The Reformation delivered the church from childish superstitions The Roman Catholic church, before the Reformation, taught its members to seek spiritual benefit from so-called relics of dead saints and to treat them with divine honor. Calvin’s “Inventory of Relics” and Hobart Seymour’s “Pilgrimage to Rome” catalog some of the ludicrous swindles which were perpetrated by the church of Rome. This included pieces of wood “of the true cross” enough to load a large ship, thorns professing to be part of the Saviour’s crown of thorns, enough to make a huge faggot, at least 14 nails said to have been used at the Crucifixion, four spearheads – each purporting to be the one which pierced our Lord’s side, at least three seamless coats of Christ, for which the soldiers cast lots, Saint James’s hand, bones of Mary Magdalene, toenails from Saint Edmund, some bread, purported to have been used by Christ at the Last Supper, a girdle of the Virgin Mary and milk from the Virgin Mary! The Royal Commissioners of Henry VIII examined a vial at the Abbey in Gloucestershire, which was said to contain the blood of Christ! The Commissioners found that it contained the blood of a duck.

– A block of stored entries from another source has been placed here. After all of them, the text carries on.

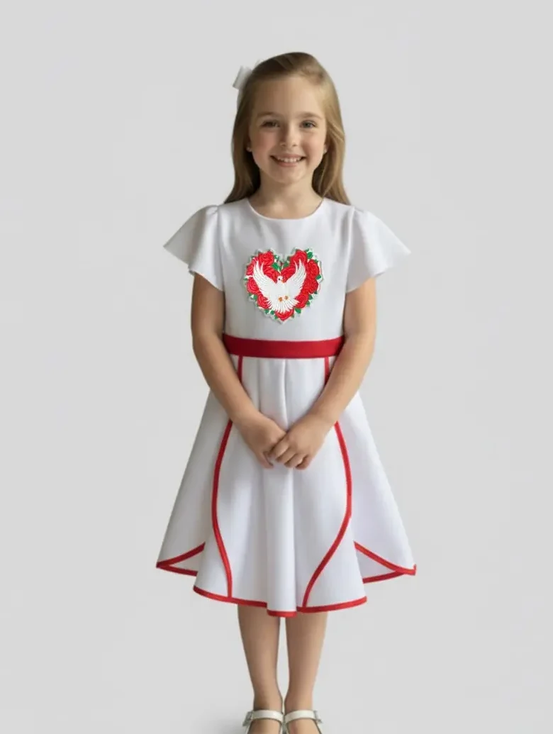 The Spirit in Bloom Dress is a faith-inspired church dress designed to celebrate grace and devotion. Made from a soft cotton blend, this white dress features petal-shaped panels accented with delicate red details and a striking red waist belt. At the chest, a finely embroidered white dove rises from red roses—symbolizing the Holy Spirit emerging from a child’s heart.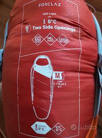 sacco a pelo forclaz acquistato al decathlon, misura M, 170cm, temperatura di comfort 0° . usato solo 1 volta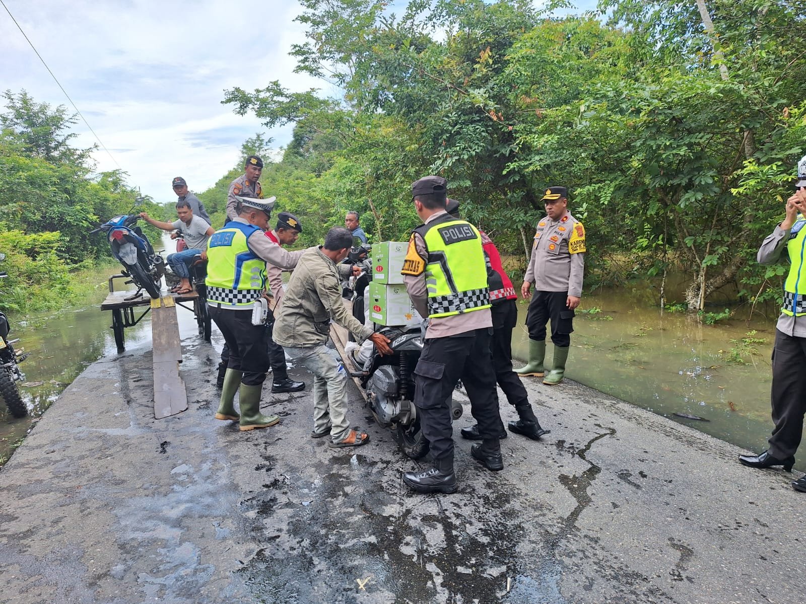 Maka dari itu personel Kepolisian dari Polsek Bubon yang dibantu oleh Personel Polres Aceh Barat di bawah pimpinan Kabag Ops Polres Aceh Barat Kompol M. Nasir S.H., M.S.M, ikut membantu warga melintasi banjir tersebut.
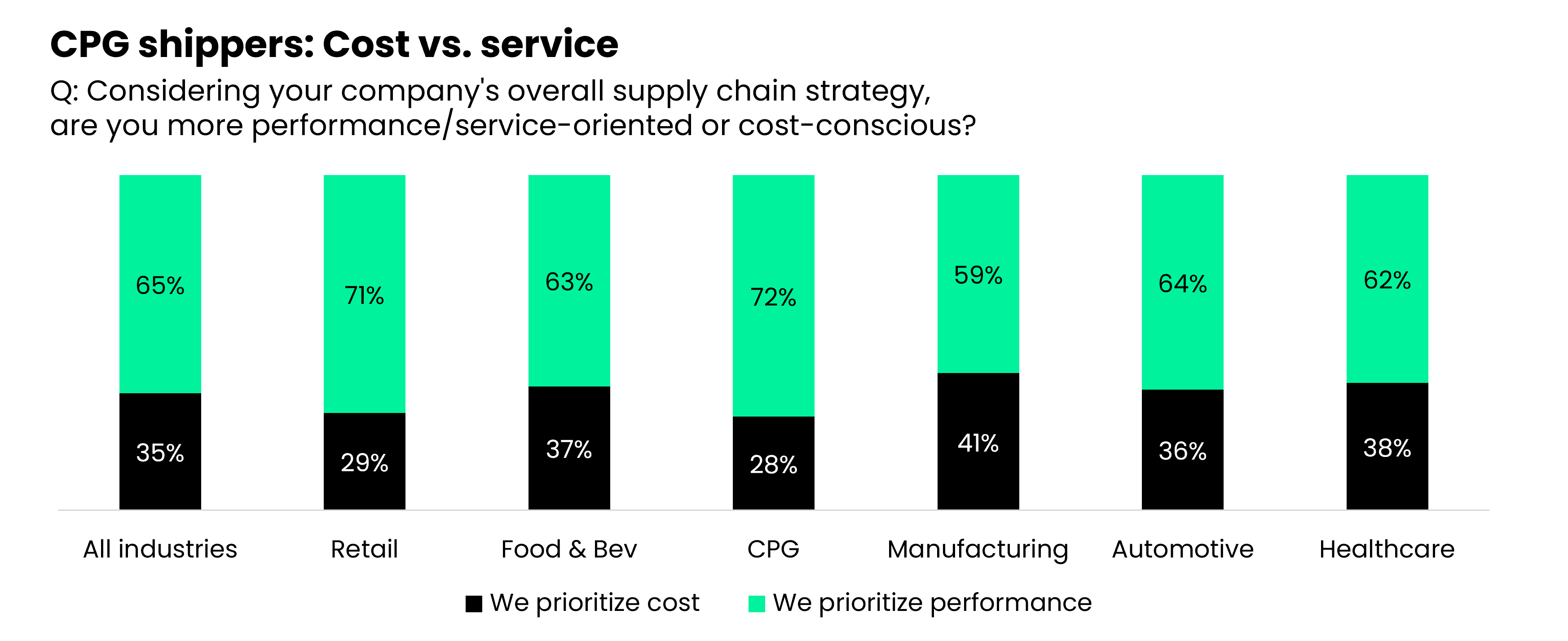 For CPG shippers, it was service, with 72% of respondents saying they prioritize performance over cost, which was 7% above the average and the highest out of any industry.

There were literally thousands of profane and vile inventions, fabrications and deceptions, which Roman priests imposed on the people before the Reformation. They must have known that they were deceiving the people, yet they persisted in presenting these lies and requiring that the ignorant laity believe them. Sometimes the priests induced dying sinners to give vast tracts of lands to abbeys and monasteries, in order to atone for their bad lives. In one way or another, they were continually separating sinners from their money and accumulating property and wealth in the hands of the Roman church.

The power of the priests was practically despotic and was used for every purpose except the advancement of the Christian faith. It seemed that their primary object was power. To them confession had to be made. Without their absolution and extreme unction no professing Christian could be saved. Without their masses no soul could be redeemed from purgatory. In short, they were, to all intents and purposes, the mediators between Christ and man. To please and honor the Roman church was a devout Christian’s first duty. To injure them was the greatest of sins. One of the indulgences issued in 1498, with the authority of the Pope, claimed: “To absolve people from usury, theft, manslaughter, fornication and all crime whatsoever, except smiting the clergy and conspiring against the Pope!”

A starving man in a famine may be reduced to eating rats and rubbish, rather than die of hunger. Similarly, a conscience-stricken soul, deprived of God’s Word, should not be judged too harshly by us, if they struggled to find comfort in the most debasing superstition. However, we must never forget that it was from such superstitions which the Reformation delivered us.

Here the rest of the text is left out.